**PROVIDED DATA**
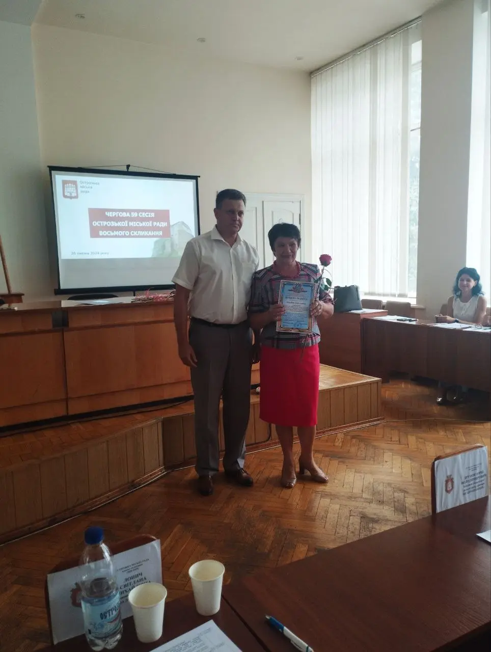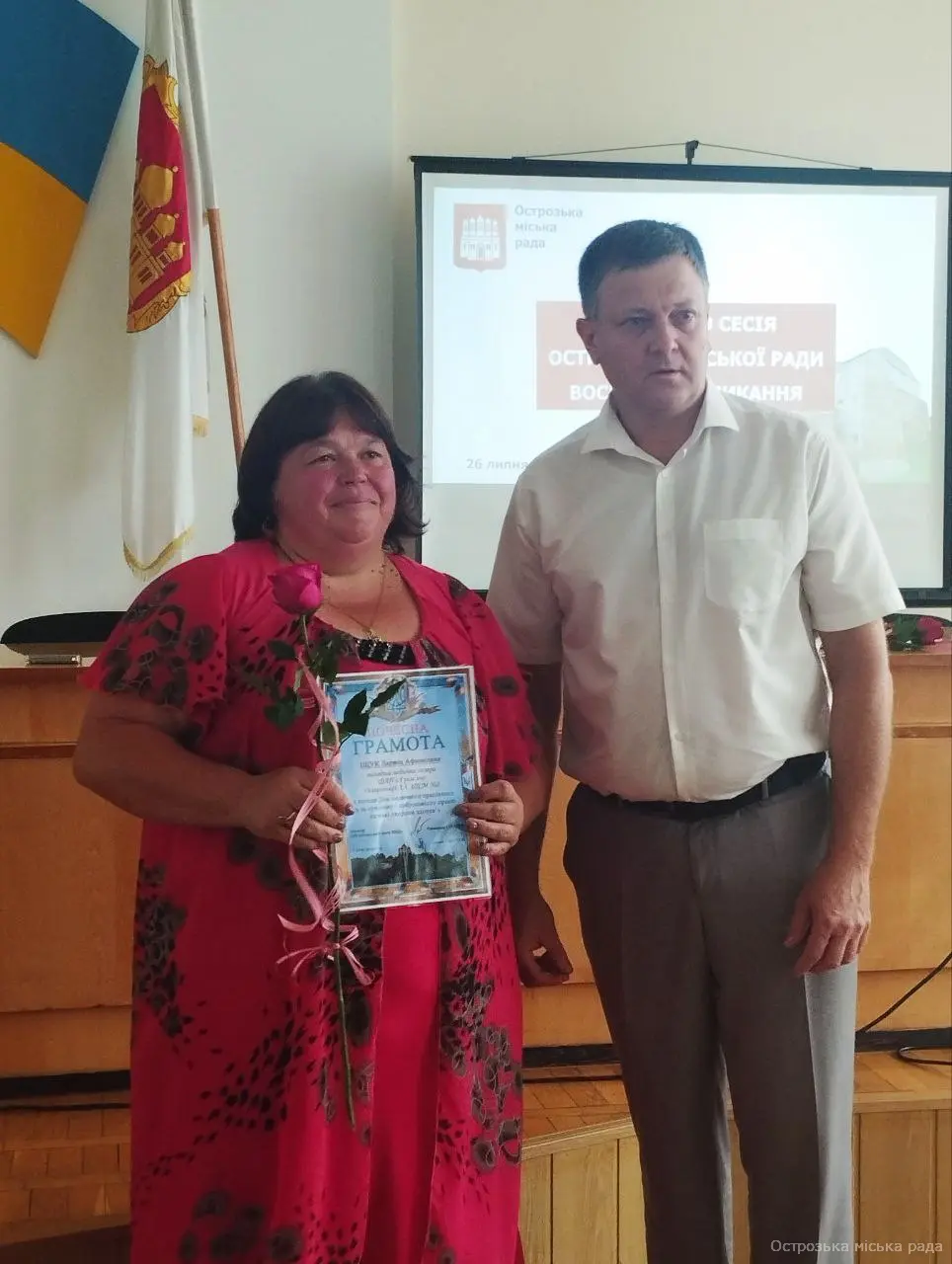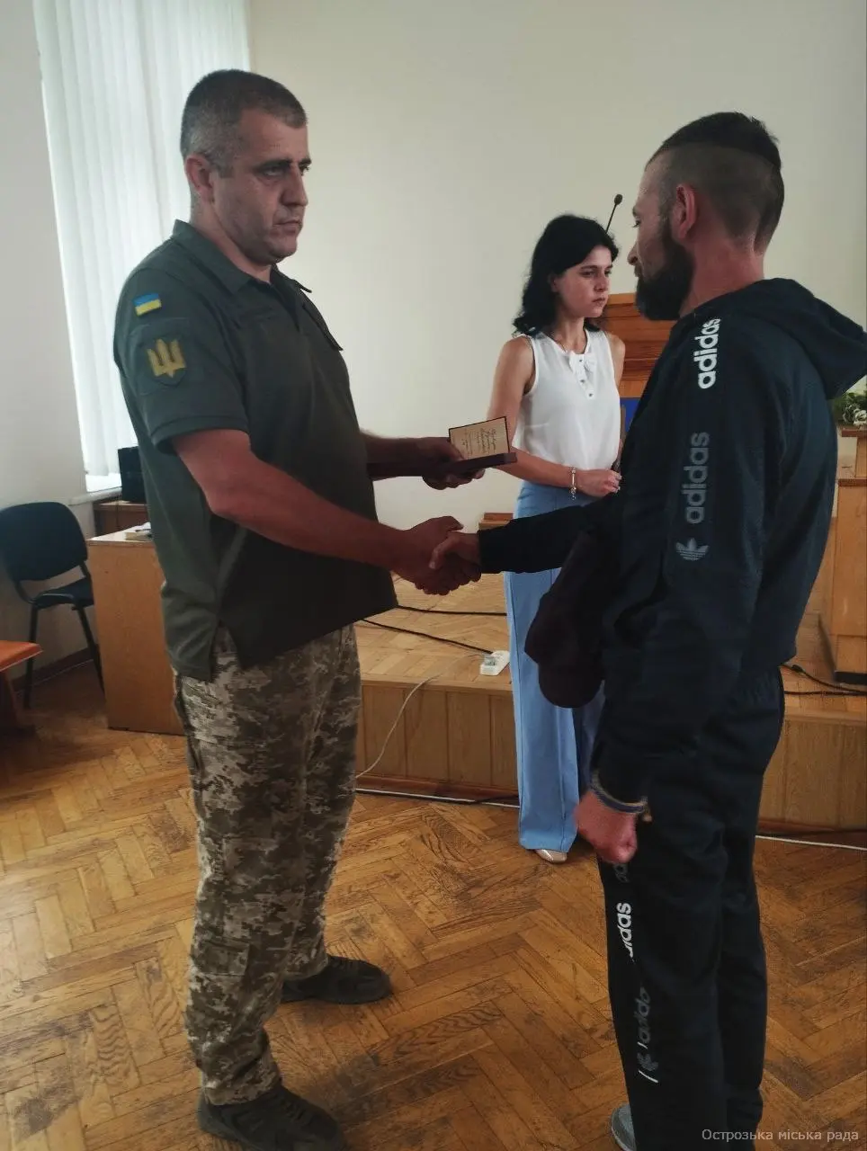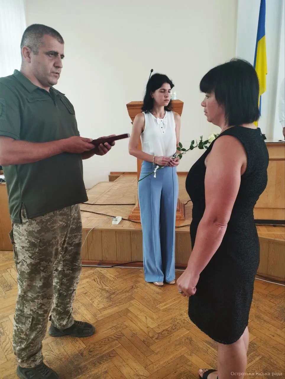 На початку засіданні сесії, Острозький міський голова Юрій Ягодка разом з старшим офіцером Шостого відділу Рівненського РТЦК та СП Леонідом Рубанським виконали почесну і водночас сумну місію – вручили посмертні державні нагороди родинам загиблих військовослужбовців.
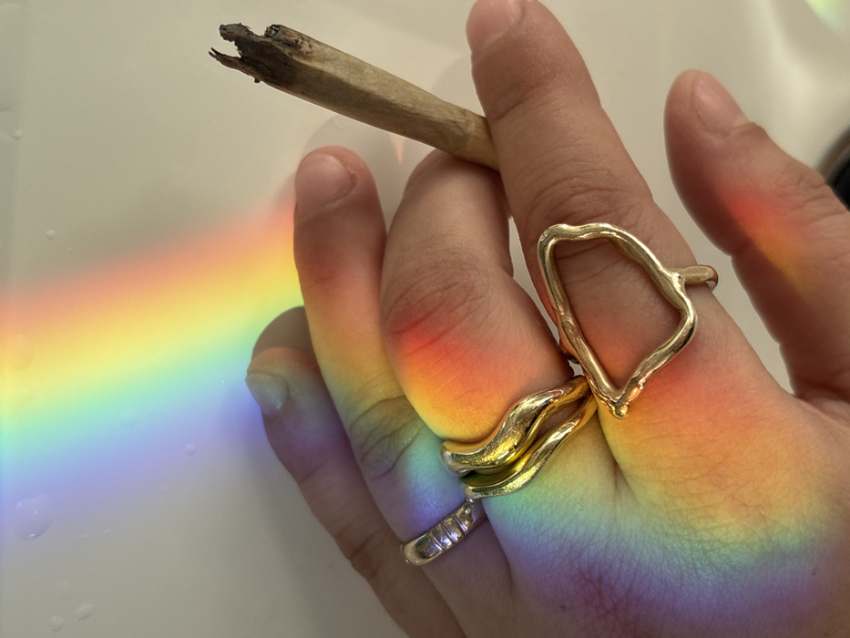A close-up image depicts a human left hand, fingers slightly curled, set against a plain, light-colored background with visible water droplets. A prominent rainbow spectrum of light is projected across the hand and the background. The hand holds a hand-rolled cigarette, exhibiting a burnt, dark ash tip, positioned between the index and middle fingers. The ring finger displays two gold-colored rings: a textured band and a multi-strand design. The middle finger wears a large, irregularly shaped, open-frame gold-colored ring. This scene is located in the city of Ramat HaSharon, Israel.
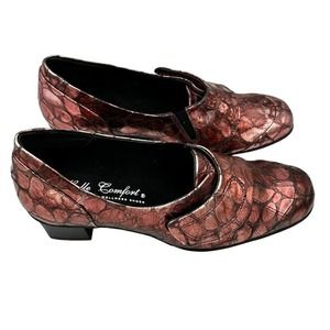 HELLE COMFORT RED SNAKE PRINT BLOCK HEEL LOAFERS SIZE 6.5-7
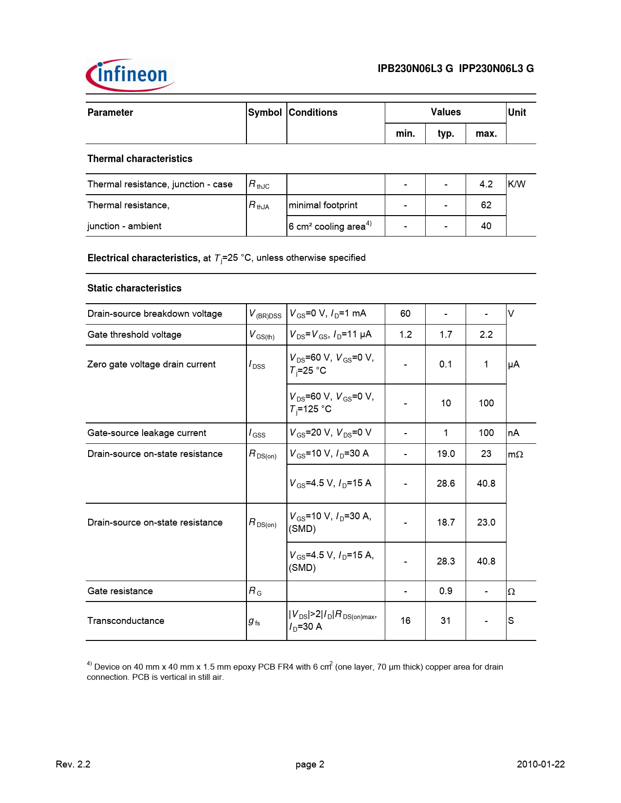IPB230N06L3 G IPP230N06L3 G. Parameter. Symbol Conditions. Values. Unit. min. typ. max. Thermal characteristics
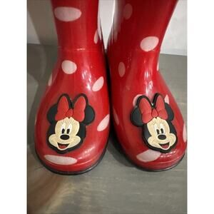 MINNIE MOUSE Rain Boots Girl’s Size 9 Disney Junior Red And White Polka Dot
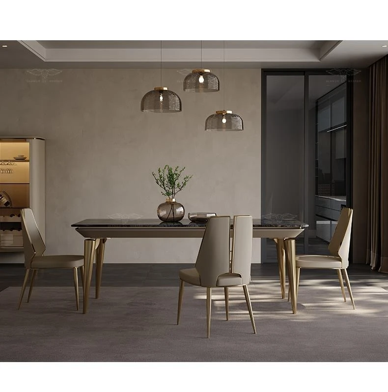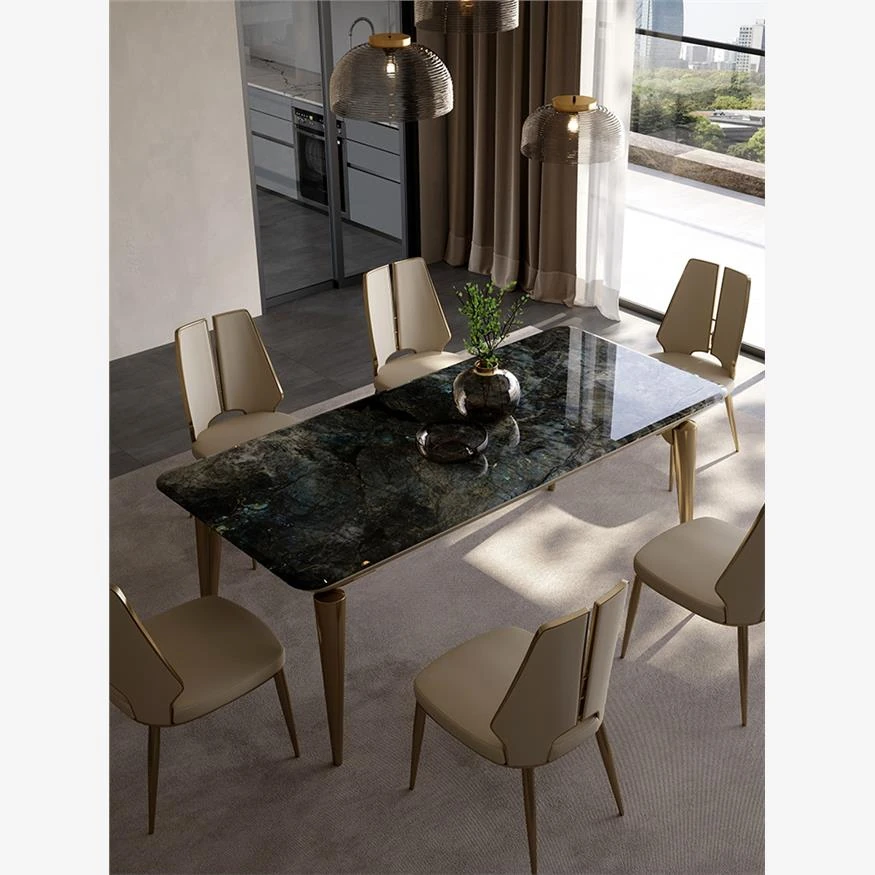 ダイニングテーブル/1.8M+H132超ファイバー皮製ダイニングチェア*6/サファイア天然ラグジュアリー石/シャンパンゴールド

**YOUR INSTRUCTIONS**
Your copy should be the entries retyped exactly, with no images in it.

**REPLY**
 На початку засіданні сесії, Острозький міський голова Юрій Ягодка разом з старшим офіцером Шостого відділу Рівненського РТЦК та СП Леонідом Рубанським виконали почесну і водночас сумну місію – вручили посмертні державні нагороди родинам загиблих військовослужбовців.
A close-up image depicts a human left hand, fingers slightly curled, set against a plain, light-colored background with visible water droplets. A prominent rainbow spectrum of light is projected across the hand and the background. The hand holds a hand-rolled cigarette, exhibiting a burnt, dark ash tip, positioned between the index and middle fingers. The ring finger displays two gold-colored rings: a textured band and a multi-strand design. The middle finger wears a large, irregularly shaped, open-frame gold-colored ring. This scene is located in the city of Ramat HaSharon, Israel.
 HELLE COMFORT RED SNAKE PRINT BLOCK HEEL LOAFERS SIZE 6.5-7
IPB230N06L3 G IPP230N06L3 G. Parameter. Symbol Conditions. Values. Unit. min. typ. max. Thermal characteristics
 MINNIE MOUSE Rain Boots Girl’s Size 9 Disney Junior Red And White Polka Dot
 ダイニングテーブル/1.8M+H132超ファイバー皮製ダイニングチェア*6/サファイア天然ラグジュアリー石/シャンパンゴールド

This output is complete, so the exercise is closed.